• Bored with TripleA?  AI too dumb to be challenging?  Play as Germany and set all other countries, axis and allies alike, at war with you, all neutrals to unfriendly.  To level the playing field, give yourself every research technology and close research off to everyone else.  Defend the Reich from the hordes of human wave onslaughts coming from every direction.  I like to pretend they’re zombies.

  • '17

    Are you playing online against other players?


  • No, that would be impossible.  I meant bored with the AI.  It’s extremely stupid but still overwhelming, which is why it reminds me of fending off zombie waves.  In fact the only way to survive is to rely on the AI doing things no player would, like spending all cash to repair facilities even if it means there’s no cash left to buy units.  Or doing an unescorted SBR against a territory with 4 fighters hitting at 2 or less.

    Never really understood how online TripleA works.  Is it usually done in real time?  If not and if people do it by turns, such as one player goes one day and then his opponent goes the next, how do you manage which casualties to select?  I tried to do it by email once but there was some setback, I forget what it was - maybe I needed to register my address or something.

  • '17 '16 '15

    @eames57:

    …Never really understood how online TripleA works.  Is it usually done in real time?  If not and if people do it by turns, such as one player goes one day and then his opponent goes the next, how do you manage which casualties to select?  I tried to do it by email once but there was some setback, I forget what it was - maybe I needed to register my address or something.

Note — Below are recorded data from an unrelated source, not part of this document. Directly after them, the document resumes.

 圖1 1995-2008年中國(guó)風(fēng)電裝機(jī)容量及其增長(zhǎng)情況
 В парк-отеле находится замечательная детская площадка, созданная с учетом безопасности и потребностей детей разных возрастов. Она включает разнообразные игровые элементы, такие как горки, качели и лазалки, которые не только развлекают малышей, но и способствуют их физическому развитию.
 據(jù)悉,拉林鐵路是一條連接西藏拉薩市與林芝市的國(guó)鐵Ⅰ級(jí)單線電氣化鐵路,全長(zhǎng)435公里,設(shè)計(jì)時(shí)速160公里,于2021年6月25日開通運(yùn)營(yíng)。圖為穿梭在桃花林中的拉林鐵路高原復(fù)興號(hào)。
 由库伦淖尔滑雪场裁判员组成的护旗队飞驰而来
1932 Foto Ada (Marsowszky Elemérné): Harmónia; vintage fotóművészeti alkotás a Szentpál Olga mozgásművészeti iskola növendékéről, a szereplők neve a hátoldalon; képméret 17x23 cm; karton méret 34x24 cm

    Not sure about “usually” but you can do both. I imagine most people on here do it by turns, but you can do multiple turns per day if you want. This is a good link for forum/pbem

    http://www.axisandallies.org/forums/index.php?topic=27127.0

    and here’s the new triplea site that explains live play as well

    https://forums.triplea-game.org/

  • '16

    Seems impossible to do.
    Have to deal with France turn 1.
    Kill Italy turn 3.

    But by then, Russia has a giant stack threatening to invade from the east, the Turks they activated from the Balkans,
    Western Allies are in Spain, and Japan sends its entire giantly inflated airforce to back up Russia.

    I noped right out of there.


  • Kill France turn 1
    Kill Italy turn 2
    Kill London turn 3
    Dig in

    Most of the challenge and fun of this game is figuring out how to take advantage of all the technologies that most people have no experience with.  Paratroopers are your best friend.  Turn on low luck to maximize the efficiency of your troop distribution.

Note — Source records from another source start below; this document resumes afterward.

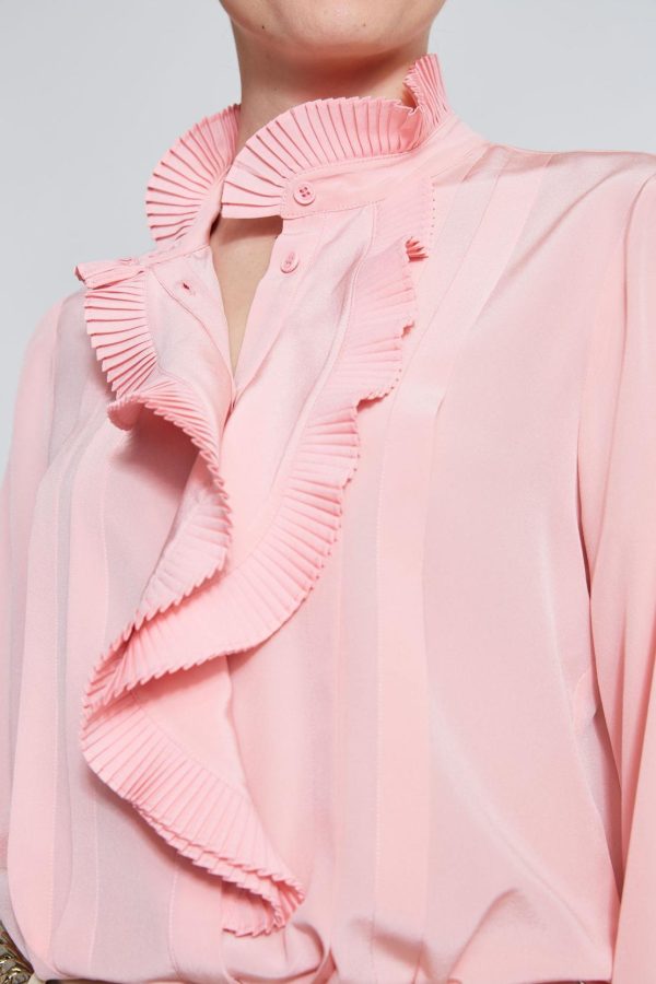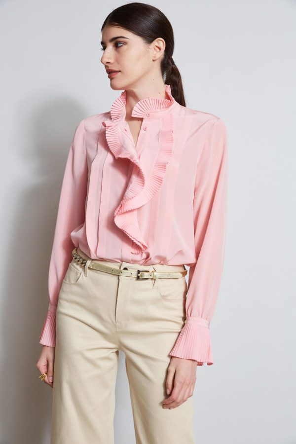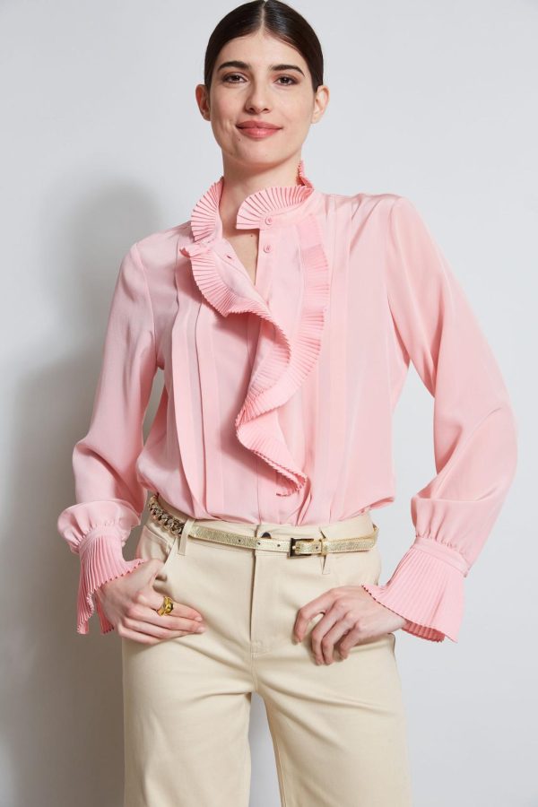 Every wardrobe needs a chic Silk top. Upgrade yours with a charming cascade pleated ruffle effect in luxe silk georgette. It adds the right touch of femininity to this must-have long sleeve blouse.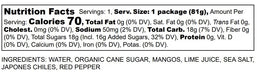 Light orange in color with visible chile flakes throughout, mango chile lime is inspired by the classic fruit cups sold by latin street vendors. Sweet and tropical, the heat from the japones chiles and cayenne powder sneaks up on you while the lime juice provides the perfect balance.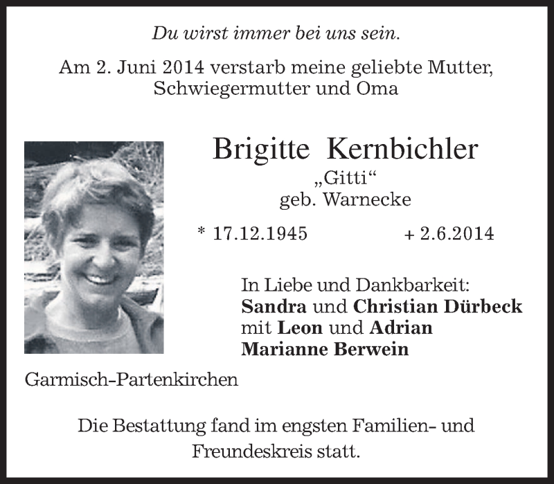 Hier finden Sie alle Traueranzeigen aus der Zeitung, die bisher für Brigitte Kernbichler erschienen sind. Weitere Traueranzeigen, die in der Zeitung erscheinen, werden hier ebenfalls aufgelistet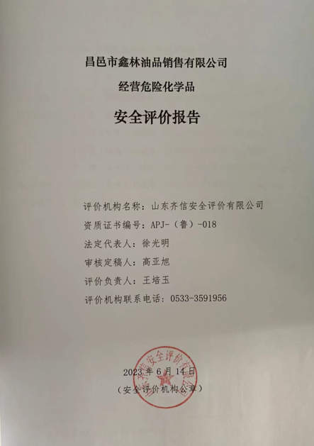 | 昌邑市鑫林油品銷售有限公司 經(jīng)營危險化學(xué)品項目安全現(xiàn)狀評價報告 |

  • eames57, I’ve been dappling with the AI on TripA for about the last month or so as well playing either hard or fast (fast seems a tiny bit better IMO). Really just trying to get up to speed playing on line before I jump into the deep end. I’m not having any trouble winning (pretty easy), but I do find myself missing little things that would make a major difference in a game with real players, and that is what I need to remedy. Its really just getting familiar with scrolling around seeing only parts of the map, instead of having the big picture laying in front of me.

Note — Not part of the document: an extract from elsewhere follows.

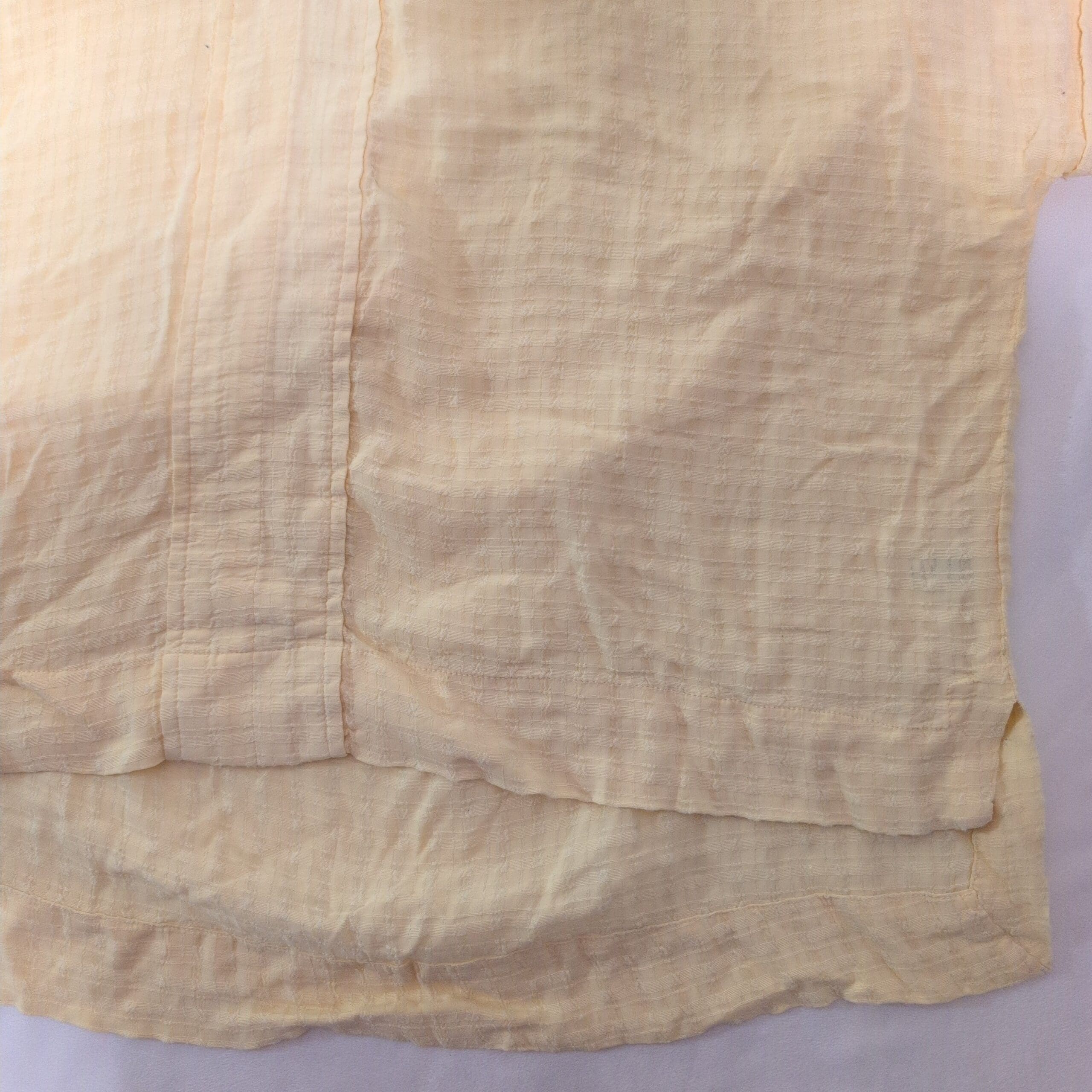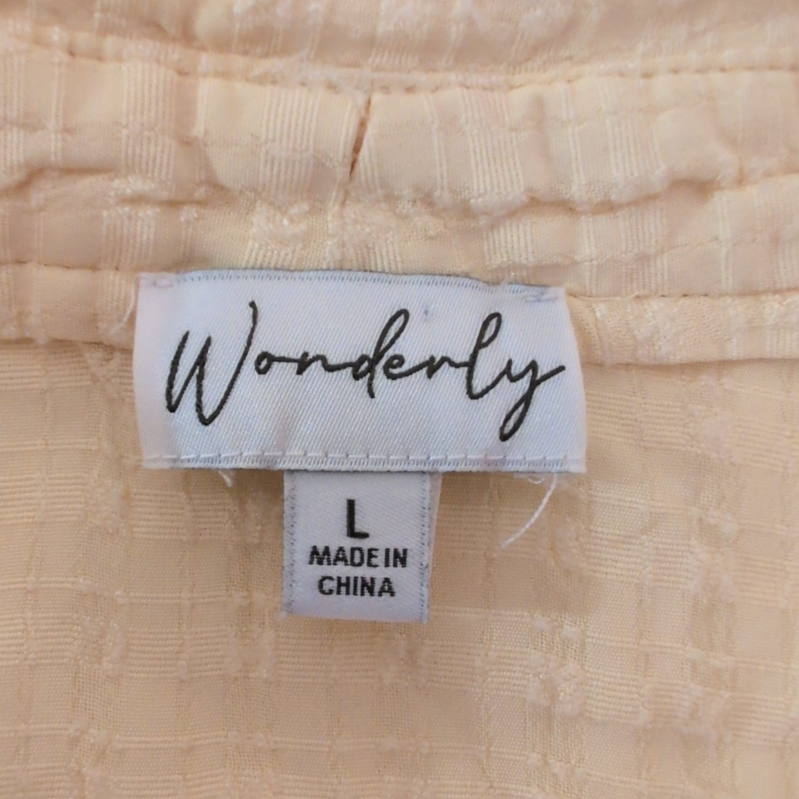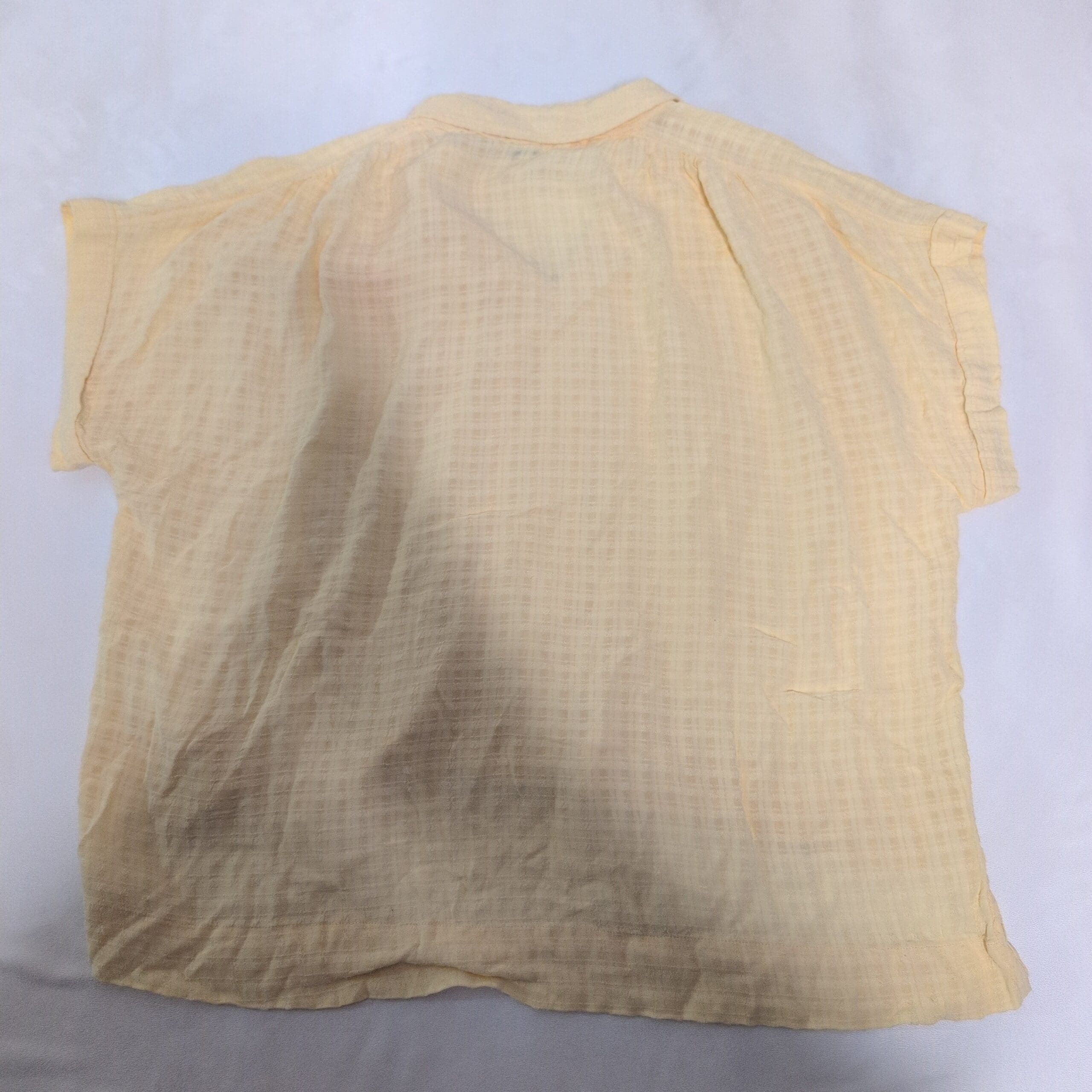 Lightweight Wonderly women’s blouse in soft yellow, size L. Relaxed, boxy fit with short sleeves, small collar and V-placket. Subtle gauze-like textured fabric with a layered hem and side slits for easy movement — ideal for casual summer outfits or layering. Gently used; fabric has natural crinkle texture and light wrinkles consistent with this style. Please review photos for color and condition details.

    You’re right in your assessment that the AI’s plays like zombies lol, and the AI playing the US seems to be the worse. The AI US typically ignores the Pac side allowing my Japanese to become the “Orange Godzilla”. They build a pretty nice Euro force, only to hang out in South America sz’s or invade Africa south of the Sahara? When playing the Axis the AI Germans moves into Russia but, switch gears way too early to build up the Atlantic wall leaving the Eastern front lacking punch and are easily repelled. Too me it seems like the AI is programed to build very little high end units and defaults to mostly inf builds, which is pretty boring.

    A couple games I’ve played both sides just to make a game of it. Yea you kinda know what your other self is planning, but at least it isn’t zombie-ish lol. I have introduced TripA to a friend, and we are playing against each other on the same computer. This is pretty cool because we get together about once a week to play full around, and don’t have to leave a game set up at my house for long periods of time or scrap it altogether. I will say the one drawback is that I miss rolling dice. When we play FTF the dice kinda become their own entity, and it is hard to trash talk when using a dice server lol.

    Your idea sounds pretty cool though playing against the zombie hoards


  • Yea, there’s a certain ownership of your own fate when manually rolling the dice as opposed to having to submit to the caprice of the RNG gods.  And most of the fun of the game is trash talking.  The other drawback to TripleA is it’s hard to keep track of what’s going on on the board, and not just because you have to choose between seeing the whole board at once or seeing how many pieces are actually in any given territory.  I can’t really get immersed in the game like I can with the real thing in front of me, following my opponent’s every move so I can contemplate every possible permutation of reaction and counterreaction.

    The farthest I’ve gotten is round 12.  LHTR heavy bomber advantage is nullified by low luck, so I turned that off.  With a mini-dark skies strategy and a lot of super subs, I was able to keep America at bay.  Most of Italy’s and London’s troops had by this time been expended and weren’t replenishing, so I had almost secured the Balkans and was able to grind towards Moscow, controlling Novgorod.  But then I misread America’s fleet , left myself exposed, and threw the game away.  I thought he had 3 battleships when instead it was 9.

    12 rounds is the record to beat.


  • Hi eames57

    Interesting idea and certainly a laugh :-D

    As well as putting G at war with everyone did you also make them all allies of each other? Otherwise J still acts as G’s ally until your forces come into contact, which is a darn helpful distraction to the USA.

    And presumably you are talking about paying against hard AI?

    Cheers
    PP

  • '21 '20 '18 '17

    This is why TT sim and AAA are hard for me to use, I can’t really contextualize the ## of pieces and its too easy to miss something before you move on and dice get rolled.  There is just a huge amount of visual/virtual information in this type of game


  • They’re allies with each other and neutral territories are all neutral friendly.  The server still doesn’t recognize that quite right, though.  Sometimes they’ll take, say Saudi Arabia and control the territory, but there’ll still be 2 neutral troops sitting on there, so you have to change those to the controlling countries’.  And despite Finland and Bulgaria being unfriendly neutral, it’ll activate those troops, so you have to delete them and also roll dice to determine how many you’d have also lost in taking it.  By a weird quirk it treats the Allies as Axis, so Japan and Italy get all their bonuses.  Italy’s bonus would be convenient, since he only collects it once and it would go straight to my coffers.  But Japan’s bonus is annoying; he gets 25 bucks he doesn’t deserve each round - practically twice his base income, so that also needs to be routinely corrected.  Occasionally, one of the powers will declare war on each other at the most inopportune time for them to do so, like Russia doing it on Japan with Japanese troops uncontested in 2/3 of its territory.  His income immediately drops to half and all of his and Japan’s troops are distracted for a turn.  When you have control again, reset the diplomacy, return whichever territories to their original owner, and fix each country’s economy, but there’s nothing you can do about their troop movements.  And yes, I’ve been playing on hard, but based on Wild Bill’s experience, I might experiment with fast.